Example #1: New Jersey County Areas

Contents: Objective Problem Description Quantile Plot Quartiles Robustness

^ Objective

Numerically examine the sizes of New Jersey counties using the median, interquartile range, and related measures. Determine whether these measures give a good numerical description of the distribution.

^ Probelm Description

Values were obtained for the sizes of counties in the State of New Jersey. The following variables were recorded:

County: New Jersey county
Area: Size of county in square miles

The 21 areas constitute all possible values, i..e., these areas are not sampled from some larger population of counties in New Jersey. Therefore, only descriptive summaries and graphs are meaningful.

^ Quantile Plot

The areas of the 21 New Jersey counties are plotted in the quantile view of the Histogram applet below. This example displays and interprets sample quartiles and related statistics. The quantile statistics are displayed in the bottom border of the quantile plot. The sample median and interquartile range provide robust alternatives to the sample mean and standard deviation discussed in the Moments New Jersey county areas example.

^ Quartiles

The median county size is 329.0 sq mi and the IQR is 263.5 sq mi. Click on the Data button to reveal the data. The median value (the 11th ranked value) is the area of Gloucester County. The sample median is somewhat less than the sample mean value of 358.1 sq mi, which is consistent with the effects of positively skewed data.

The lower quartile is 224.5 sq mi, which is computed as the (21 + 1)/4 = 5.5 ranked value. In this case, it is the average of the areas of Camdem and Mercer counties. Likewise, the upper quartile is 488.0 sq mi, which is the average of the 16th and 17th ranked areas (those of Monmouth and Cumberland counties).

The median and the quartiles can be visualized in the quantile plot view of the Histogram applet. Select Quantile lines from the Histogram menu. The lower line is the lower quartile; the middle line is the median; the upper line is the upper quartile. The y-values of these lines correspond to the quartiles (the median is the second quartile) in the Quantiles report.

Arbitrary quantiles can be found by selecting Quantile values from the Options menu.
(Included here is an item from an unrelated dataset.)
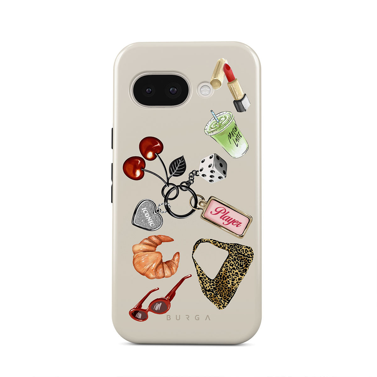 Dieses Design enthält: rote Sonnenbrille, roter Lippenstift, grünes Matcha-Getränk, Croissant, schwarze Würfel, Leopardenmuster-Tasche, Schlüsselanhänger mit silbernem Herz, Kirschen, Würfel und „Player“-Tag.
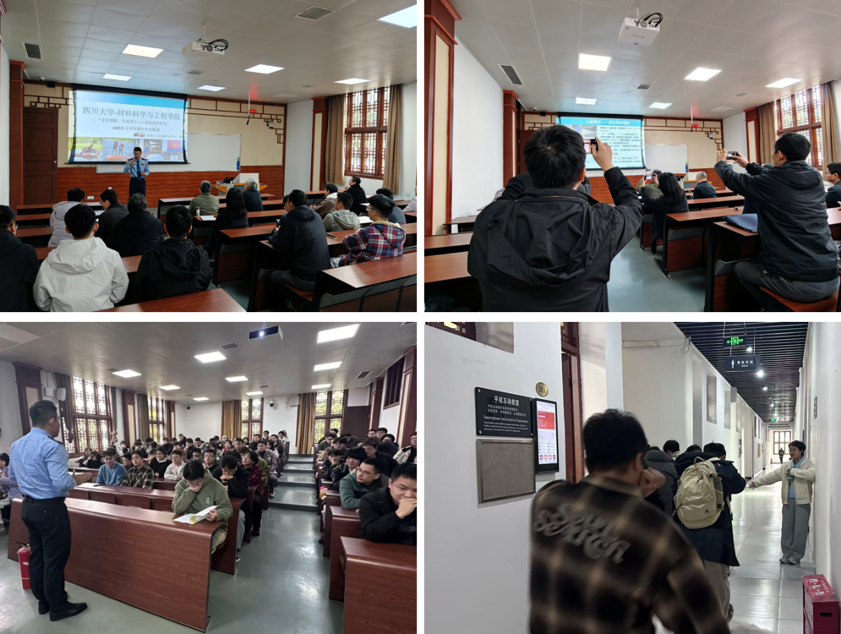 为深入贯彻“全民消防、生命至上”的消防安全理念,切实强化师生消防安全意识与应急处置能力,结合材料学科实验环节多、设备复杂的专业特点,2025年11月,材料学院精心策划并组织了涵盖知识宣讲、安全培训、应急演练、隐患排查等消防安全月系列活动,以理论与实践深度融合的方式,为校园安全筑牢“防火墙”。

For example, the quantile corresponding to f = 0.8 is 516.2 sq mi.

^ Robustness

The maximum county area of 819 sq mi is not an outlier as shown in the Quantile Plots Module. However, the maximum value is separated somewhat from the remaining data values and it has some influence on the sample mean, standard deviation, and skewness measure as discussed in the Moments Module New Jersey county areas example. These descriptive measures are sensitive to outliers and are not meaningful for highly skewed data.

The median and IQR are less sensitive to outliers and they are more meaningful for skewed data than moment-based statistical quantities. If the maximum value is removed, the sample median is reduced to 320.5 sq mi, only a slight reduction from the above calculation using the complete dataset. The (rounded) sample lower quartile is now 223 sq mi and the upper quartile is 474 sq mi, again only slight reductions from the quartiles computed from all of the data. The sample IQR is thus 251 sq mi as compared to 263.5 sq mi for all of the data.